(Records from a collection)
◆ ◆ ◆ ◆ ◆

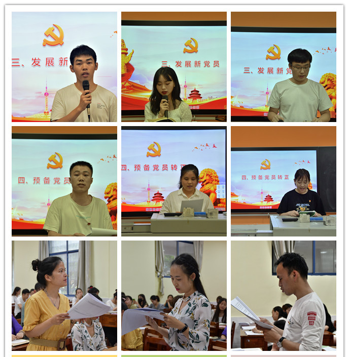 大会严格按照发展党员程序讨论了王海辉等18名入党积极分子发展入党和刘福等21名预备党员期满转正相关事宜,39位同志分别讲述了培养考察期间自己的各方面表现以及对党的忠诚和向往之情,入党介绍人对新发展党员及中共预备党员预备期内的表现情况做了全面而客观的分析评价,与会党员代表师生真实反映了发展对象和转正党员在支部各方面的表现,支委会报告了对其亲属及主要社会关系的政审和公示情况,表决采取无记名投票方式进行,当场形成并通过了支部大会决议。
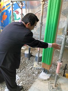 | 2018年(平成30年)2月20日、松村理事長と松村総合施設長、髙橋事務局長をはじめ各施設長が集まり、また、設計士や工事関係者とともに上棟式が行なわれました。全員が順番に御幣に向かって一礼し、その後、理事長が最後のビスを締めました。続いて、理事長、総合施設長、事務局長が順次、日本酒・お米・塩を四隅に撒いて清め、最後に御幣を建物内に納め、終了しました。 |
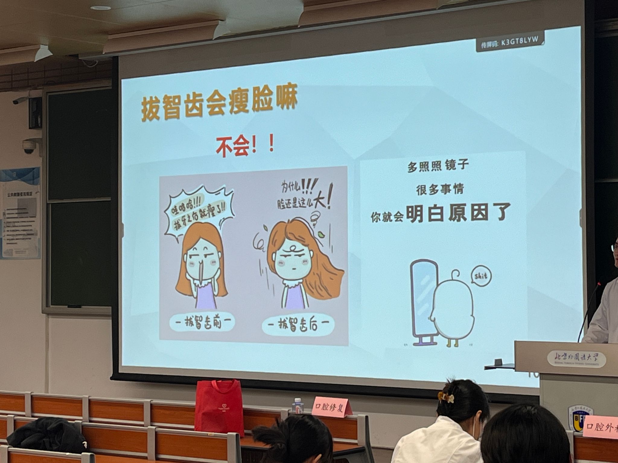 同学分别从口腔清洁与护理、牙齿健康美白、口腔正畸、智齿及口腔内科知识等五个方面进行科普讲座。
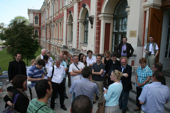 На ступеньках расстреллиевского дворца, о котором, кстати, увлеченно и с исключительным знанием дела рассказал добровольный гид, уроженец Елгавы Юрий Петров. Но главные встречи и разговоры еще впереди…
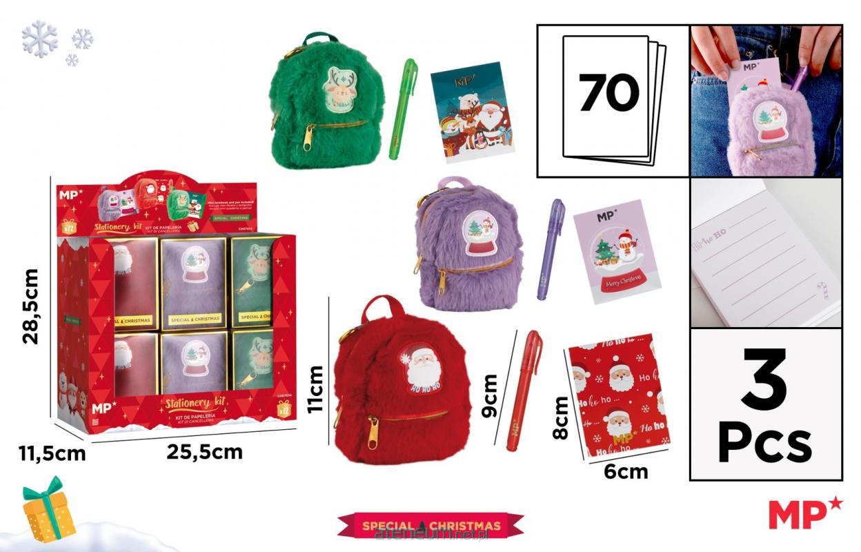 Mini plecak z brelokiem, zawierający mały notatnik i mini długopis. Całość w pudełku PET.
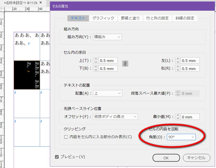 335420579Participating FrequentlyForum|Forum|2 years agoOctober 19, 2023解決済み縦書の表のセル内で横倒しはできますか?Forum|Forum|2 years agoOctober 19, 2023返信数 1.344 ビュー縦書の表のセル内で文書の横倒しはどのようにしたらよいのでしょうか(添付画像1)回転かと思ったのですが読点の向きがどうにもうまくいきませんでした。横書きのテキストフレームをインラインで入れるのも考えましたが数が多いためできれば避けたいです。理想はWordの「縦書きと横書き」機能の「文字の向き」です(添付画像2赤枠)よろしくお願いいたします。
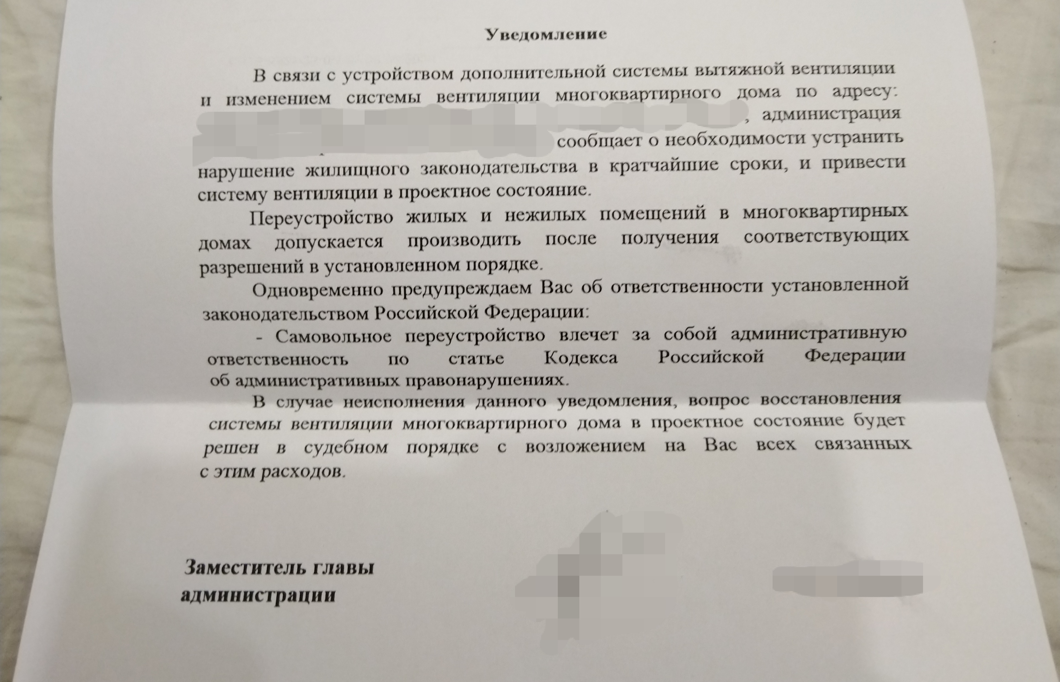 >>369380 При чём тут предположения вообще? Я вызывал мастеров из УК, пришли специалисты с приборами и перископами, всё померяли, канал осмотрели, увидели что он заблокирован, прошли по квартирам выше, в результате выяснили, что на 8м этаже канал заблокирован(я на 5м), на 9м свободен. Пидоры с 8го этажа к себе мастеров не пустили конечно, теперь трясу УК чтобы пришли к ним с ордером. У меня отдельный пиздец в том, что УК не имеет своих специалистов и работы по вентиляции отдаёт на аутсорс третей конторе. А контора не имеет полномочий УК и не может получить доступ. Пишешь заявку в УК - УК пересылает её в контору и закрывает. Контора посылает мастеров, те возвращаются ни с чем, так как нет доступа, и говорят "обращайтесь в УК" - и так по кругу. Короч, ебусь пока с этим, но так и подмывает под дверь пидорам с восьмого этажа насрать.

◆ ◆ ◆ ◆ ◆

Your reply should be the lines of the records from the start through the line with "335420579Participating FrequentlyForum|Forum|2 years", copied word for word, pictures omitted.

__ANSWER__:
 大会严格按照发展党员程序讨论了王海辉等18名入党积极分子发展入党和刘福等21名预备党员期满转正相关事宜,39位同志分别讲述了培养考察期间自己的各方面表现以及对党的忠诚和向往之情,入党介绍人对新发展党员及中共预备党员预备期内的表现情况做了全面而客观的分析评价,与会党员代表师生真实反映了发展对象和转正党员在支部各方面的表现,支委会报告了对其亲属及主要社会关系的政审和公示情况,表决采取无记名投票方式进行,当场形成并通过了支部大会决议。
 | 2018年(平成30年)2月20日、松村理事長と松村総合施設長、髙橋事務局長をはじめ各施設長が集まり、また、設計士や工事関係者とともに上棟式が行なわれました。全員が順番に御幣に向かって一礼し、その後、理事長が最後のビスを締めました。続いて、理事長、総合施設長、事務局長が順次、日本酒・お米・塩を四隅に撒いて清め、最後に御幣を建物内に納め、終了しました。 |
 同学分别从口腔清洁与护理、牙齿健康美白、口腔正畸、智齿及口腔内科知识等五个方面进行科普讲座。
 На ступеньках расстреллиевского дворца, о котором, кстати, увлеченно и с исключительным знанием дела рассказал добровольный гид, уроженец Елгавы Юрий Петров. Но главные встречи и разговоры еще впереди…
 Mini plecak z brelokiem, zawierający mały notatnik i mini długopis. Całość w pudełku PET.
 335420579Participating FrequentlyForum|Forum|2 years agoOctober 19, 2023解決済み縦書の表のセル内で横倒しはできますか?Forum|Forum|2 years agoOctober 19, 2023返信数 1.344 ビュー縦書の表のセル内で文書の横倒しはどのようにしたらよいのでしょうか(添付画像1)回転かと思ったのですが読点の向きがどうにもうまくいきませんでした。横書きのテキストフレームをインラインで入れるのも考えましたが数が多いためできれば避けたいです。理想はWordの「縦書きと横書き」機能の「文字の向き」です(添付画像2赤枠)よろしくお願いいたします。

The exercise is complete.